Andronikos Doukas or Doux (Ἀνδρόνικος Δούκας/Δούξ, died circa 910) was a Byzantine general and rebel in the reign of Emperor Leo VI the Wise (r. 886–912). The first member of the illustrious Doukas line to achieve prominence as a successful general, his rivalry with the powerful eunuch Samonas led to his revolt and eventual defection to the Arabs in 906–907. He died in exile in Baghdad.

== Biography ==
Andronikos Doukas is the first prominent member of the Doukas family whose life is known in some detail. He was possibly the son of the first recorded Doukas, an official active circa 855, but nothing is known of his origin and early life. Andronikos first appears in the sources in 904, already a holder of the exalted title of patrikios and a general. In November or December of that year, along with Eustathios Argyros, he campaigned against the Arabs and won a major victory over the combined forces of Mopsuestia and Tarsos near Germanikeia. Alexander Vasiliev suggested that this campaign was possibly waged in retaliation of the Arab sack of Thessalonica, the Byzantine Empire's second-largest city, a few months earlier. Probably after his victory, he was raised to the rank of Domestic of the Schools, i.e. commander-in-chief of the Empire's army.
In 906, he was ordered west to the Aegean coast to join forces with the fleet under Himerios, in order to confront a large Arab naval expedition. Andronikos, however, was reluctant to comply, fearing for his safety: he had received letters from Constantinople warning him that Himerios had been given orders to seize and blind him. In fact, the chroniclers relate that these letters had been sent through the machinations of the eunuch Samonas, Leo's influential Arab-born chamberlain. Samonas bore a personal grudge against the Doukas family ever since Andronikos's son Constantine had seized him during an attempted flight to his native lands a few years earlier. The repeated pleas of Himerios to join him only made Andronikos more suspicious, and he firmly refused to board the former's flagship. In the event, Himerios departed with his own forces and on 6 October secured a major victory over the Arab fleet. At the news of this, Andronikos, fearing punishment for having disobeyed the Emperor's commands, withdrew east with his family and dependants and seized the fortress of Kaballa, near Iconium.

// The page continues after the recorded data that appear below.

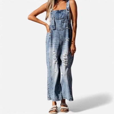 Imily Bela Women's Distressed Denim Overalls Loose Fit Casual Adjustable Strap Bib Jeans Jumpsuit with Pocket
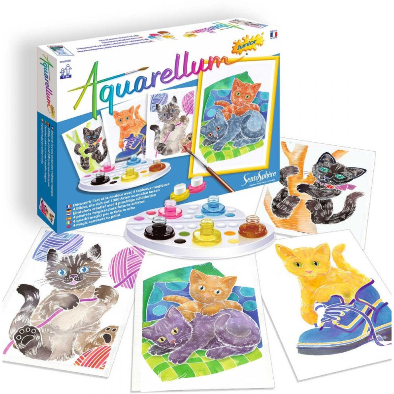 Zestaw 4 obrazków z kotkami do malowania techniką Aquarellum
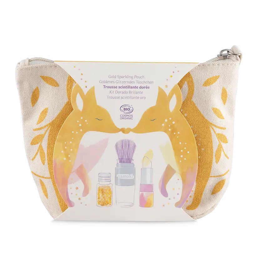 Cette jolie trousse en coton Bio regroupe les produits rêvés pour flamboyer le temps des fêtes.
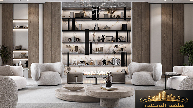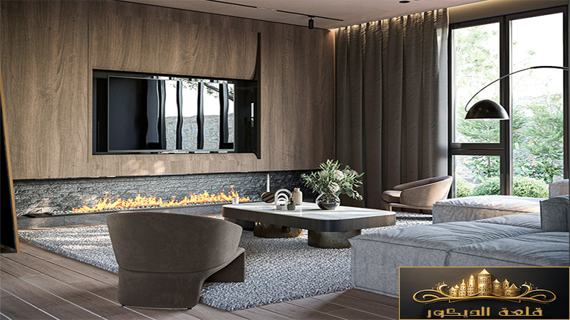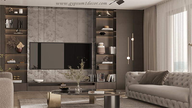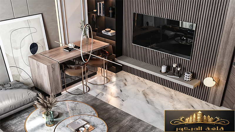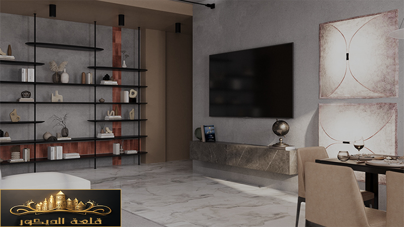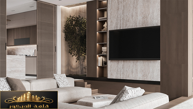 استخدام الرفوف الخشبية المثبتة على الحائط بجوار التلفزيون لعرض الديكورات الصغيرة واللوحات الفنية، مما يضفي بعدًا جماليًا على الديكور، مع وضع خلفية خشبية بسيطة وجميلة خلف وحدة التلفزيون لإضفاء لمسة من الجمالية والدفء على الديكور.

There he held out for some six months, while Leo sent the new Domestic of the Schools, Gregoras Iberitzes, a relative by marriage to the Doukai, to persuade him to surrender. However, when Andronikos heard the news of the deposition of his friend the Patriarch Nicholas Mystikos (February 907), on whom he had placed hopes for mediation, he resolved to flee and asked for aid from the Arabs. In mid-spring 907, an Arab force came to his aid and broke the leaguer around Kaballa. Escorted by the Arabs, Andronikos and his family crossed the border, coming first to Tarsos and finally to the Abbasid capital, Baghdad. The flight of Andronikos Doukas represents a peculiar episode: several scholars, such as Alexander Vasiliev and Romilly Jenkins, consider it evidence of a real plot against Leo, which included the Patriarch Nicholas Mystikos and perhaps also the admiral Eustathios. Others, such as Demetrios Polemis and Shaun Tougher, reject this interpretation and explain the episode in terms of the rivalry with the powerful Samonas. They regard Andronikos's actions to have been purely defensive in character and mandated by his untenable position after his refusal to cooperate with Himerios.

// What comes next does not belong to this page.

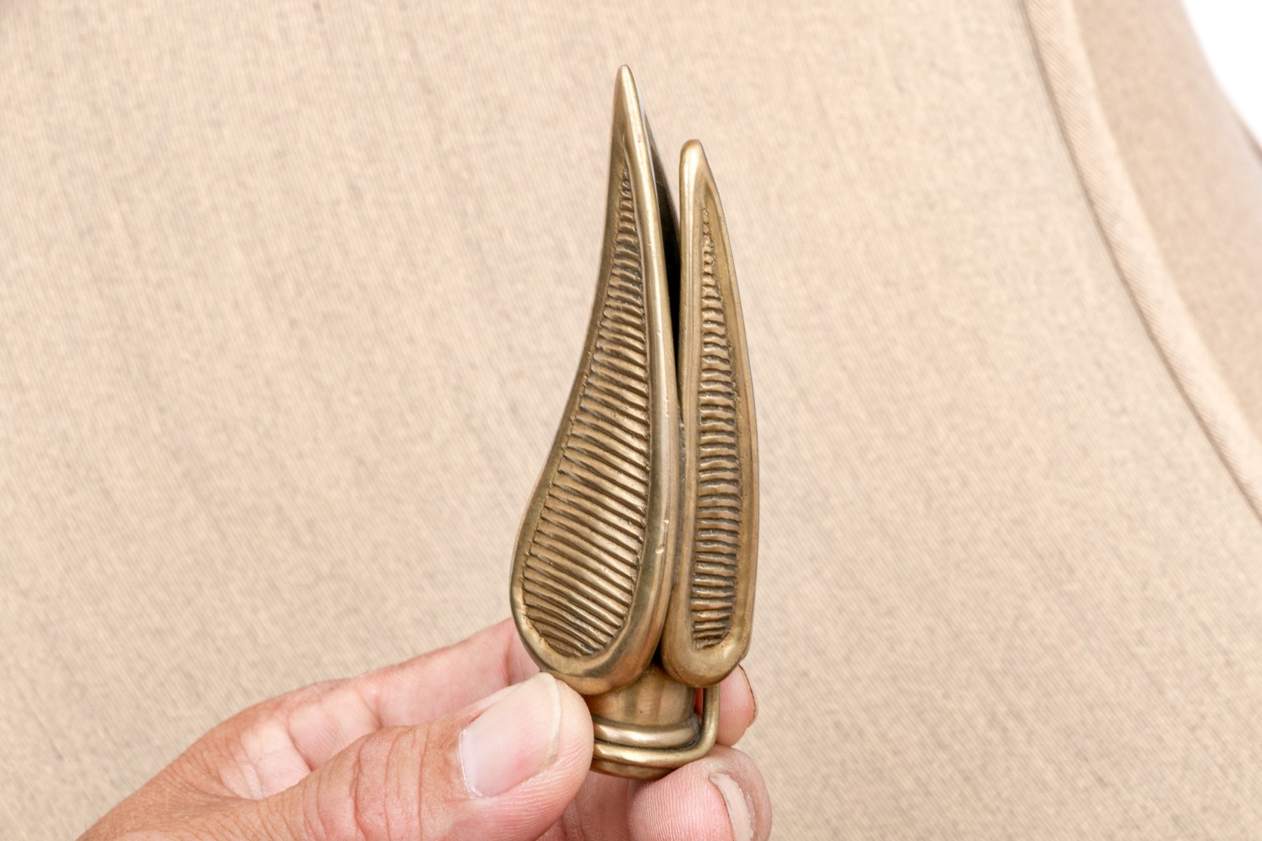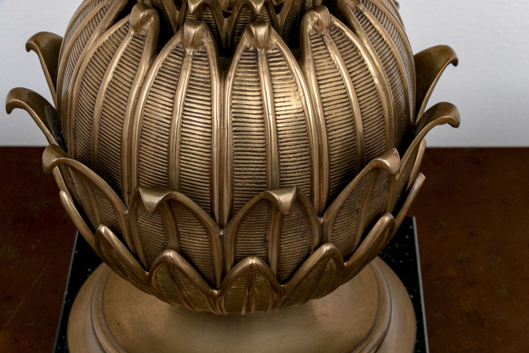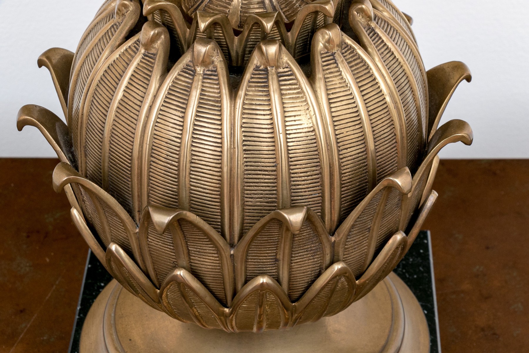 A stylish neoclassical style table lamp featuring a gilt artichoke or lotus motif with detailed tiers of unfurling leaves

Despite Andronikos's defection – or because of it, considering that Leo of Tripoli and Damian of Tarsus, Byzantium's most dangerous opponents at the time, were Byzantine renegades – Leo was determined to retrieve him. Personal sympathies also played a role: Leo was evidently attached to his general, and even wrote a poem in lamentation of his defection. Consequently, the Emperor sent Andronikos a secret message guaranteeing a safe return, hidden inside a candle. Samonas, however, contrived for this to fall in the hands of the Caliph's vizier, discrediting the general in the Arabs' eyes. Andronikos was then imprisoned in Baghdad and forced to convert to Islam. He probably died there soon after. His son Constantine, on the other hand, soon managed to escape Baghdad and return to Byzantium, where he was pardoned by Leo and entrusted with senior military commands.

== Legacy ==
The careers of both Andronikos and Constantine, who in 913 also mounted an unsuccessful bid for the throne that cost him his life, entered folk legend and partly inspired the epic poem Digenes Akritas.

==Sources==
- Tougher, Shaun (1997). "The Reign of Leo VI (886-912): Politics and People"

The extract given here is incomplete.